**** Supplied records ****
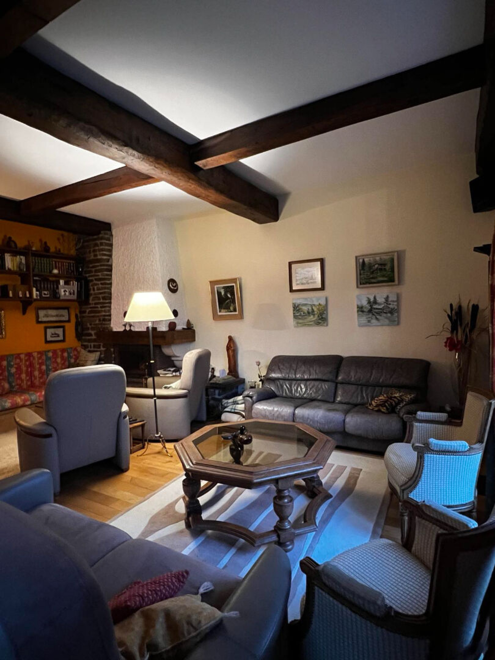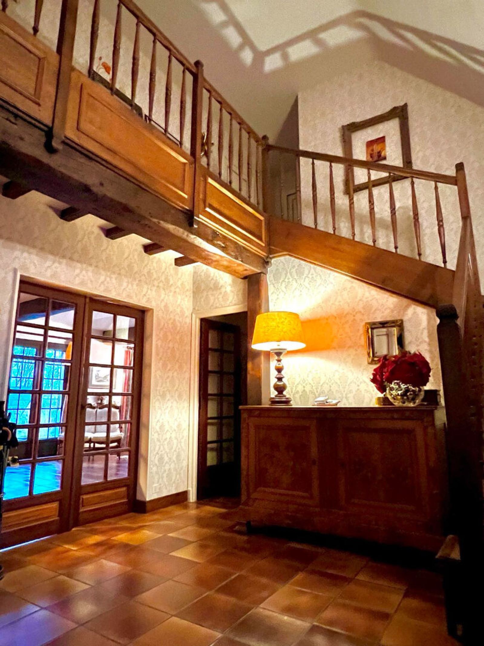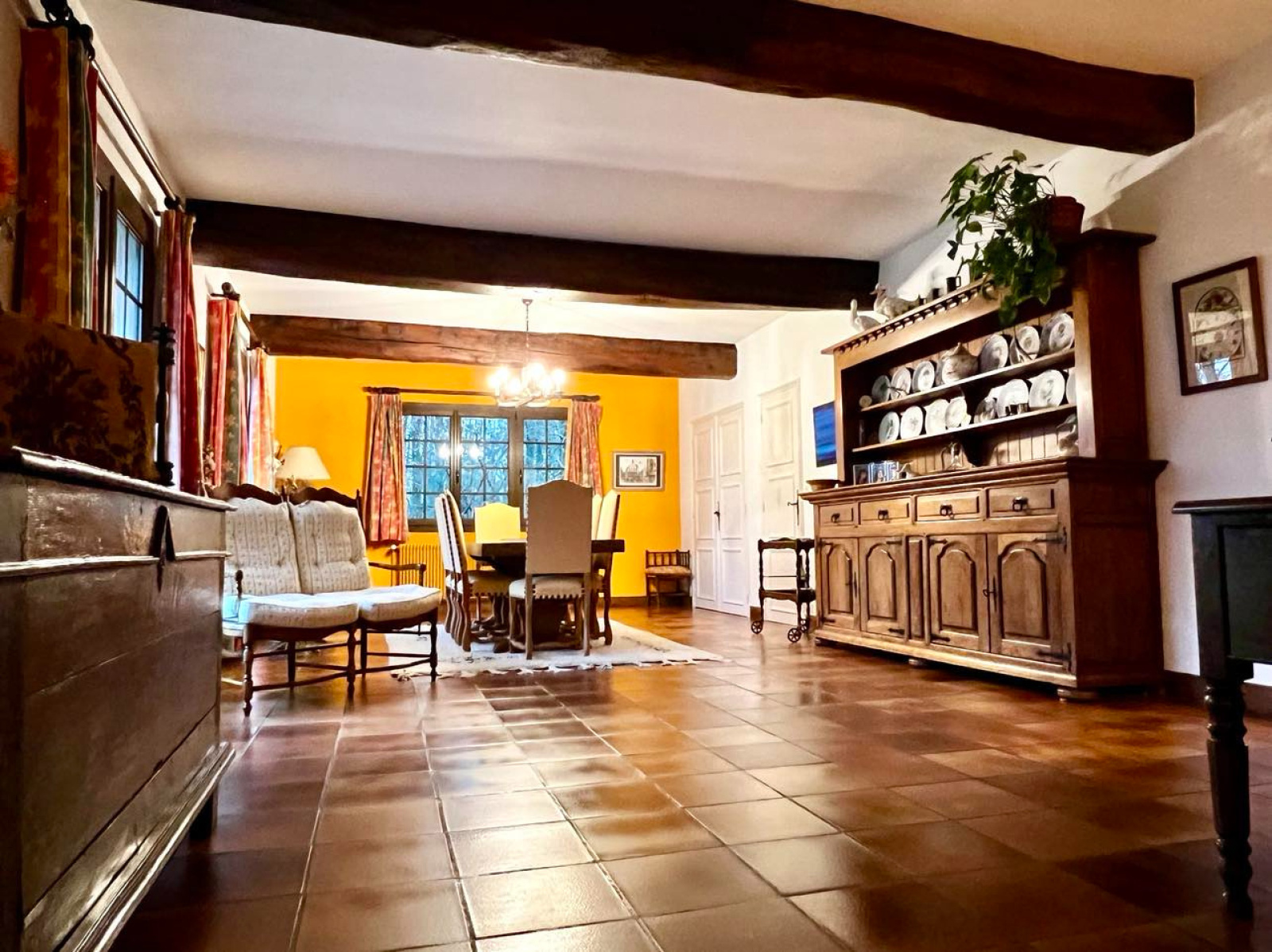 1er étage: Montée d'escalier en chêne donnant sur un palier desservant 4 chambres dont une avec sa salle d'eau privative (douche et vasque) . Une salle d'eau et un wc indépendant, grenier. Sous-sol complet avec atelier, cave à vins, cave à bois et chaufferie. Terrain clos avec terrasse (8400m2) Espace de stockage ( dépendance) Portail motorisé.
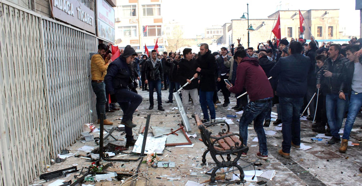Turkiska nationalister har stormat det pro-kurdiska partiet HDP:s kontor i staden Kayseri efter morgonens sprängdåd där minst 13 soldater dödades. Dokument och möbler kastades ut på gatan och partiets skylt togs ner från entrén, skriver AFP med hänvisning till nyhetsbyrån Dogan.
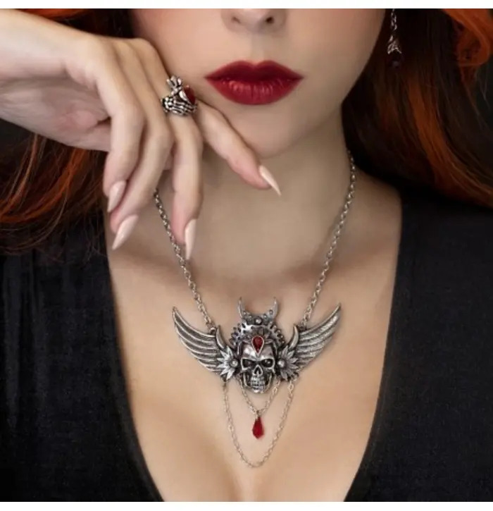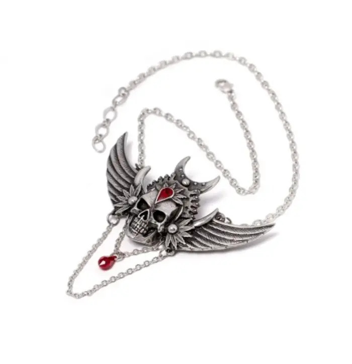 The skull blazes with a Siam red Austrian crystal, igniting the piece with gothic fire. Suspended from the pendant is a Siam red dropper and cut chain, adding movement, depth, and a bold statement finish.
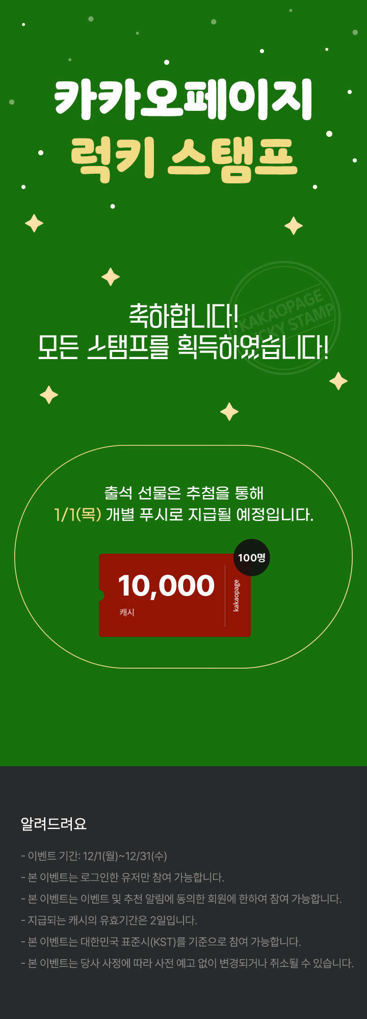 이벤트 기간 내 스탬프 누적 개수에 따라 추첨을 통해 12/1(월) 개별 푸시로 보상 지급합니다.
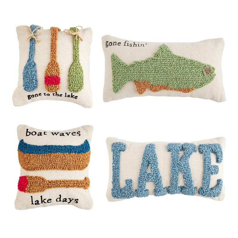 Mud Pie Mini Hook Lake Pillow, 1 Count (Pack of 1), Canoe
****
- Work instruction:
The lines from the one with "The skull blazes" to the end of the data above should be retyped exactly, both ends included, and pictures are to be left out.

- Your solution:
 The skull blazes with a Siam red Austrian crystal, igniting the piece with gothic fire. Suspended from the pendant is a Siam red dropper and cut chain, adding movement, depth, and a bold statement finish.
 이벤트 기간 내 스탬프 누적 개수에 따라 추첨을 통해 12/1(월) 개별 푸시로 보상 지급합니다.
 Mud Pie Mini Hook Lake Pillow, 1 Count (Pack of 1), Canoe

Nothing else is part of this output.